▶ [ASSIGNMENT]: Exact copies of all the lines below are wanted, without a single picture.

▶ [RECORDED DATA]:
*****
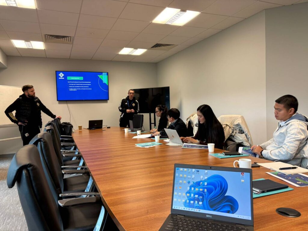 ภายในโครงการดังกล่าวได้รับเกียรติจาก คอนราด เคิร์กวูด นายกสมาคมฟุตบอลไอร์แลนด์เหนือ ให้การต้อนรับและให้ข้อมูลเกี่ยวกับการพัฒนาฟุตบอลหญิงของไอร์แลนด์เหนือ รวมทั้งทางด้าน แองเจล่า แพลตต์ ผู้อำนวยการฝ่ายฟุตบอลหญิง พร้อมด้วย ทีมงานฝ่ายฟุตบอลหญิงของสมาคมฟุตบอลไอร์แลนด์เหนือ ได้นำเสนอข้อมูลและให้ความรู้ตามหัวข้อหลัก ดังนี้
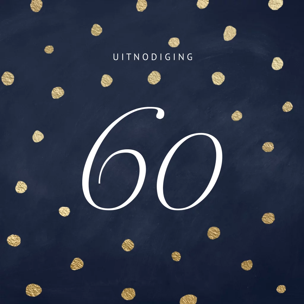 Een chique uitziende uitnodiging voor een zestigste verjaardag voor een man of vrouw. Met een donker blauwe achtergrond met daarop gouden confetti stippen en groot in witte typografie de leeftijd 60 jaar. De gouden stippen komen in de binnenkant van de uitnodigingskaart weer terug.
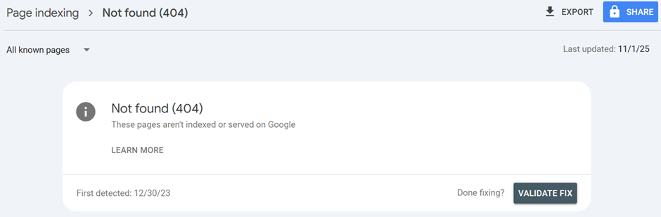 • What It Means: Google has found a URL that exists in your sitemap or through internal links, but when it tries to visit, your server returns a "page not found" error. This wastes your crawl budget and creates a poor user experience.
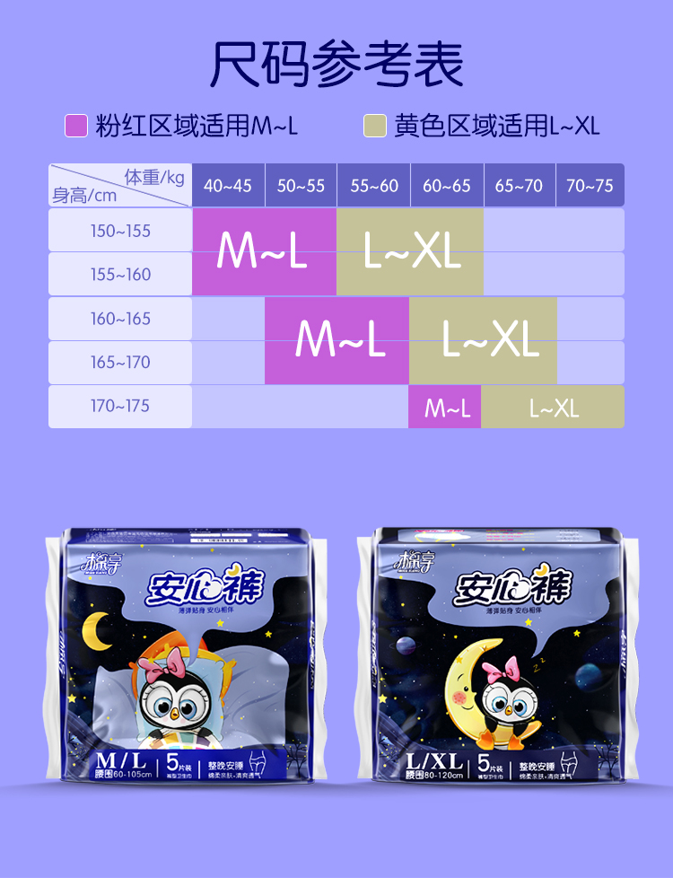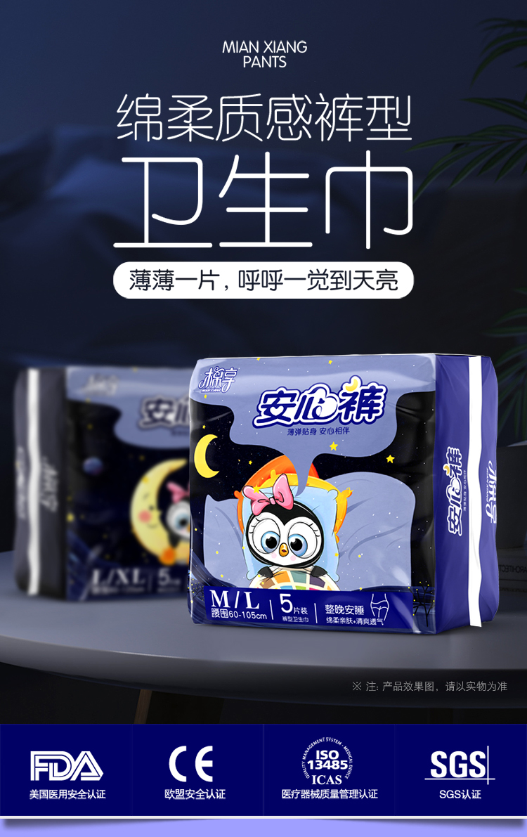 棉享高腰弹力超熟睡少女裤型卫生巾安心裤M-L码5片装
*****
▶ [EXERCISE RESPONSE]:
 ภายในโครงการดังกล่าวได้รับเกียรติจาก คอนราด เคิร์กวูด นายกสมาคมฟุตบอลไอร์แลนด์เหนือ ให้การต้อนรับและให้ข้อมูลเกี่ยวกับการพัฒนาฟุตบอลหญิงของไอร์แลนด์เหนือ รวมทั้งทางด้าน แองเจล่า แพลตต์ ผู้อำนวยการฝ่ายฟุตบอลหญิง พร้อมด้วย ทีมงานฝ่ายฟุตบอลหญิงของสมาคมฟุตบอลไอร์แลนด์เหนือ ได้นำเสนอข้อมูลและให้ความรู้ตามหัวข้อหลัก ดังนี้
 Een chique uitziende uitnodiging voor een zestigste verjaardag voor een man of vrouw. Met een donker blauwe achtergrond met daarop gouden confetti stippen en groot in witte typografie de leeftijd 60 jaar. De gouden stippen komen in de binnenkant van de uitnodigingskaart weer terug.
 • What It Means: Google has found a URL that exists in your sitemap or through internal links, but when it tries to visit, your server returns a "page not found" error. This wastes your crawl budget and creates a poor user experience.
 棉享高腰弹力超熟睡少女裤型卫生巾安心裤M-L码5片装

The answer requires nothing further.